Saturday, February 19, 2011

OSCAR PREDICTIONS

IN RED: WILL WIN

IN BLUE: WHAT I THINK SHOULD WIN

Best Motion Picture of the Year
Black Swan
The Fighter
Inception
The Kids are All Right
The King's Speech
The Social Network
127 Hours
Toy Story 3
True Grit
Winter's Bone

This category is a toss up between The King's Speech and The Social Network. Social Network will be revered years from now as a defining movie of the 2000s. King's Speech will be long forgotten 10 years from now as a good but ultimately safe Oscar pick. If The Social Network, doesn't win, I'll be disappointed. But I fear that The King's Speech has somehow gained steam and will win the big award.


Performance by an Actress in a Leading Role
Annette Bening (The Kids are All Right)
Nicole Kidman (Rabbit Hole)
Jennifer Lawrence (Winter's Bone)
Natalie Portman (Black Swan)
Michelle Williams (Blue Valentine)

I'm sorry, but Portman sucks in the Black Swan. She delivered a surface level performance with no subtlety whatsoever. Black Swan is an interesting but overrated film, and the love for Portman's melodramatic role will forever be remember as a major Oscar faux-pas. Jennifer Lawrence gave the bravest performance of the year, and if not her, Annette Bening deserves an Oscar for her nuanced performanced in Kids.
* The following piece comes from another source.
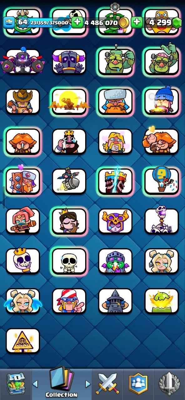 ✨️ (RAREST EMOTES) ❄️ FULLY MAXED 💎 S1 FIGHTING FISH 🐟 CRYING GHOST 👻 RAINBOW PRINCE 🌈 ANNIVERSARY HEALER 🎂 CHRISTMAS HOG 🎄 MAGIC ARCHER 🏹 64 XP 🎯 ULTIMATE CHAMPION 💪 11000 TROPHIES 🏆 44 ELITE CARDS 🐉 14 EVOLUTIONS 😈 20 TOWER SKINS 🔥

Performance by an Actor in a Leading Role
Javier Bardem (Biutiful)
Jesse Eisenberg (The Social Network)
Colin Firth (The King's Speech)
James Franco (127 Hours)
Jeff Bridges (True Grit)

Firth is great in King's Speech, but he did better work last year for A Single Man, and I think he'll do better after this. Eisenberg's performance in Social Network is staggering...he disappears into the role and is working 1000% of the time, even when he isn't the focus of the scene. But Firth will win.

Performance by an Actor in a Supporting Role
Christian Bale (The Fighter)
John Hawkes (Winter's Bone)
Jeremy Renner (The Town)
Mark Ruffalo (The Kids are All Right)
Geoffrey Rush (The King's Speech)

Bale will win this. Upset maybe by Rush, but I think Bale will win. He deserves it and gave the best supporting performance. I wouldn't mind seeing John Hawkes take it either.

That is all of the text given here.